■ **Problem**: Please return every entry below exactly as written, without any of its pictures.

■ **Records excerpted from a collection**:
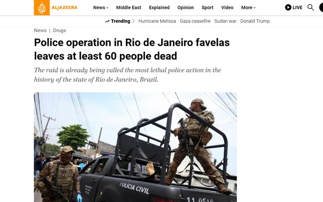 Al Jazeera informou que a “Operação Contenção” nas favelas do Alemão e da Penha resultou em 64 mortos, incluindo quatro policiais. A rede de televisão estatal destacou que o Brasil ocupa o segundo lugar no mundo no consumo bruto de cocaína e afirmou que operações policiais contra organizações criminosas não são incomuns nas favelas brasileiras, e muitas acabam sendo letais.
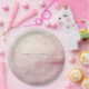 A chic blush pink watercolor wash wedding paper plate featuring elegant pastel gradient designs and clean calligraphy script for spring and summer weddings.
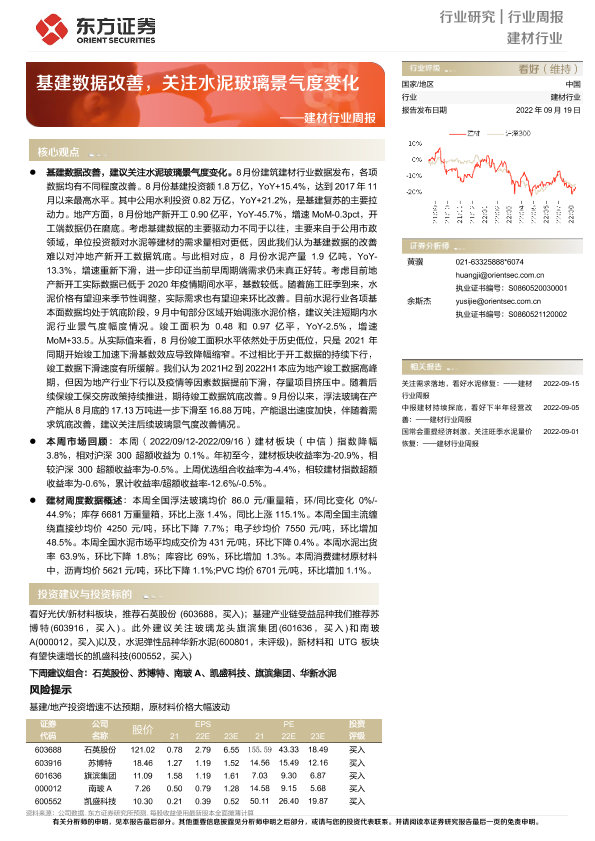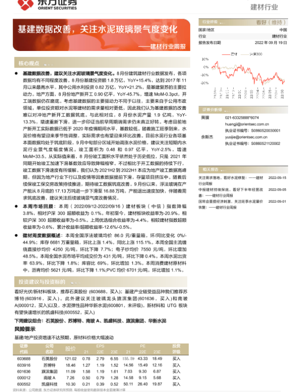 【东方证券】【20220919】建材行业周报:基建数据改善,关注水泥玻璃景气度变化-21页
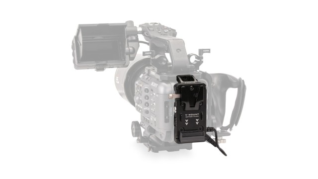 Táto batériová doska sa rýchlo upevní a uzamkne do batériovej komory fotoaparátu Sony FX6 a možno ju ďalej zabezpečiť pripojením k multifunkčnej hornej doske.
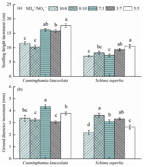 The ΔGD of C. lanceolata followed the order 7:3 > 5:5 > 10:0 > 0:10 > 3:7 and was largest at the ammonium to nitrate ratio of 7:3 (Figure 4b), which was 15.09–41.26% larger than that under the other treatments. The ΔGD of S. superba followed the order 0:10 > 3:7 > 7:3 > 5:5 > 10:0 (Figure 4b). It was largest at an ammonium to nitrate ratio of 0:10, which was 8.92–66.51% larger than that under the other treatments. Overall, C. lanceolata tended to increase the ground diameter of the seedlings under the treatment with a high NH4+-N concentration and a homogeneous N supply, whereas S. superba preferred to increase the ground diameter under the treatment with a high NO3−-N concentration.
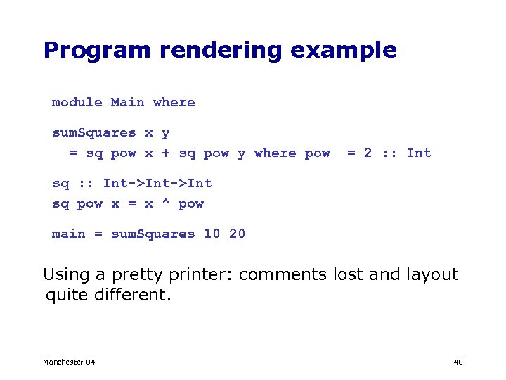 Program rendering example module Main where sum. Squares x y = sq pow x + sq pow y where pow = 2 : : Int sq : : Int->Int sq pow x = x ^ pow main = sum. Squares 10 20 Using a pretty printer: comments lost and layout quite different. Manchester 04 48

■ **Your solution**:
 Al Jazeera informou que a “Operação Contenção” nas favelas do Alemão e da Penha resultou em 64 mortos, incluindo quatro policiais. A rede de televisão estatal destacou que o Brasil ocupa o segundo lugar no mundo no consumo bruto de cocaína e afirmou que operações policiais contra organizações criminosas não são incomuns nas favelas brasileiras, e muitas acabam sendo letais.
 A chic blush pink watercolor wash wedding paper plate featuring elegant pastel gradient designs and clean calligraphy script for spring and summer weddings.
 【东方证券】【20220919】建材行业周报:基建数据改善,关注水泥玻璃景气度变化-21页
 Táto batériová doska sa rýchlo upevní a uzamkne do batériovej komory fotoaparátu Sony FX6 a možno ju ďalej zabezpečiť pripojením k multifunkčnej hornej doske.
 The ΔGD of C. lanceolata followed the order 7:3 > 5:5 > 10:0 > 0:10 > 3:7 and was largest at the ammonium to nitrate ratio of 7:3 (Figure 4b), which was 15.09–41.26% larger than that under the other treatments. The ΔGD of S. superba followed the order 0:10 > 3:7 > 7:3 > 5:5 > 10:0 (Figure 4b). It was largest at an ammonium to nitrate ratio of 0:10, which was 8.92–66.51% larger than that under the other treatments. Overall, C. lanceolata tended to increase the ground diameter of the seedlings under the treatment with a high NH4+-N concentration and a homogeneous N supply, whereas S. superba preferred to increase the ground diameter under the treatment with a high NO3−-N concentration.
 Program rendering example module Main where sum. Squares x y = sq pow x + sq pow y where pow = 2 : : Int sq : : Int->Int sq pow x = x ^ pow main = sum. Squares 10 20 Using a pretty printer: comments lost and layout quite different. Manchester 04 48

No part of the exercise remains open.